Textron chief executive Scott Donnelly blamed the delays on struggles by Garmin to certificate a common flight deck that is shared between the new M2, Longitude and X business jets.

"The guys are very bullish that we think it has the things that it needs to have in it for the final [certification], and so it's a matter of just taking those now and getting them into the actual aircraft," says Donnelly, speaking to analysts on a third quarter earnings teleconference call on 17 July.

The delays will push back entry into service for the M2 an the new Sovereign from the third quarter to the fourth quarter. The effort to complete certification on those two aircraft means that the delay on the Citation X will be longer, stretching from the third quarter to the first quarter of 2014, Donnelly says.
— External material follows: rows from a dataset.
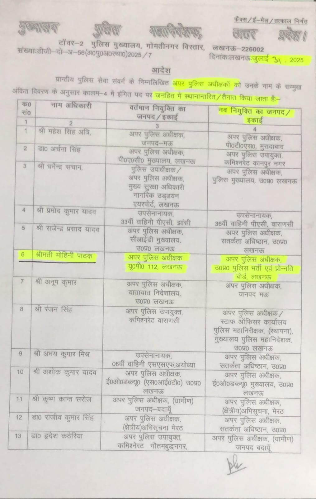 उत्तर प्रदेश सरकार ने एक बार फिर पुलिस महकमे में बड़ा प्रशासनिक कदम उठाया है। बुधवार को राज्य सरकार द्वारा जारी आदेश में 15 अपर पुलिस अधीक्षकों (ASP) के तबादले किए गए हैं। यह कदम राज्य की कानून-व्यवस्था को और अधिक प्रभावी बनाने और प्रशासनिक कार्यों में तेजी और पारदर्शिता लाने के उद्देश्य से उठाया गया है।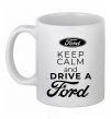 Нанести принт Keep calm and drive Ford на глянсову керамічну чашку можна лише на зовнішню сторону. Колір принту можна замовити будь-який!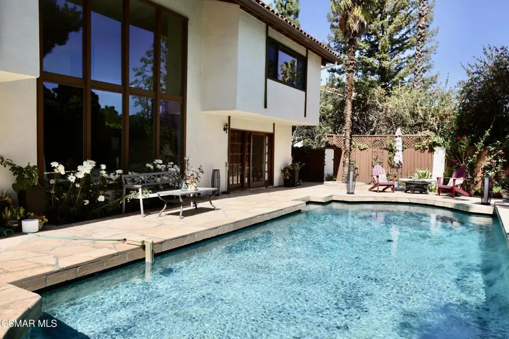 Located in a quiet Foxmoor Hills cul-de-sac, this private house offers architectural character, abundant natural light, and a serene setting. A long paver driveway leads to mature landscaping and a welcoming entry.Inside, soaring ceilings and floor-to-ceiling windows create an open, light-filled living space with views of the pool and garden. The kitchen provides ample cabinetry, counter space, and a breakfast bar opening to flexible work or lounge areas. Multiple living spaces, including a media room with fireplace, add versatility. A main-level bedroom with a renovated full bath enhances layout flexibility.Upstairs, the primary suite features peaceful mountain views, dual vanities, soaking tub, walk-in shower, and a sunlit walk-in closet. Additional bedrooms are thoughtfully arranged with an upgraded bath.The private backyard is designed for relaxed California living with a sparkling pool, flagstone patio, pergola-covered dining area, firepit, BBQ space, and lush greenery. French doors and oversized windows create seamless indoor-outdoor flow.Features include: hardwood flooring upstairs, fully owned solar, Tesla EV charger, and a garage with built-in storage and gym/office setup.Conveniently located near shopping, dining, hiking trails, freeway access, and minutes to the beach.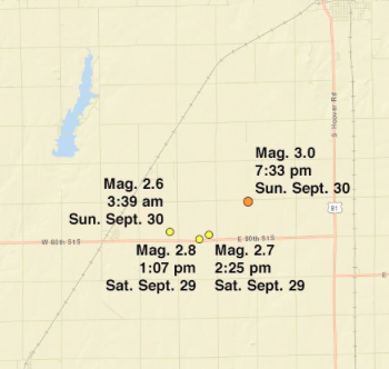 HARPER COUNTY — Another earthquake shook Kansas early Wednesday. The quake at 2:36 a.m. measured a magnitude 3.5 and was centered approximately 5 miles northeast of Harper, according to the U.S. Geological Survey.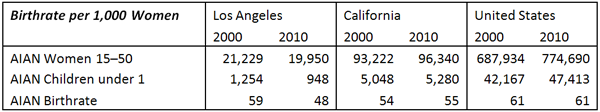 The U.S. Bureau of the Census reports fertility as the number of births in the last 12 months per 1,000 women aged 15-50 in the ACS. This can be calculated for the 2000 and 2010 enumeration by calculating the ratio of children under 1 to the number of women aged 15-50. As shown in table 3, while the rate stayed steady on the national level and slightly grew in California, there was a large drop in the Los Angeles levels. However, this estimation only accounts for a single year of births. Unlike the ACS, only AIAN mothers who have an AIAN alone child are counted in this estimate.

"In the grand scheme of things, I don't like having a certification date slip out, but this is a relatively mild, modest slip," Donnelly says.

Cessna continues to develop the Latitude and Longitude jets for service entry in 2015 and 2017, and is "making good progress", Donnelly says.

In the second quarter, Textron announced that Cessna would slow production of light jets, such as the M2, CJ2, CJ3 and CJ4, as potential customers were demanding steeper discounts than the corporate parent was willing to allow to complete deals. Market demand for such aircraft has not changed since that announcement in May.

"There's obviously some activity, but it's still pretty soft," Donnelly says.

In Textron's view, the light jet market remains depressed because the target customer are owners of small and mid-size businesses, and that community has not regained confidence levels from before the 2008 financial crisis. As a result, instead of buying replacement aircraft in roughly seven-year cycles, they're holding back longer and accepting a penalty on the used aircraft's residual value.

"Eventually they will come, but I think a lot of it just has to do with where the residual values are," Donnelly says. "I think the biggest challenge is that we haven't really seen, for sure, have not seen a price recovery in terms of used aircraft values."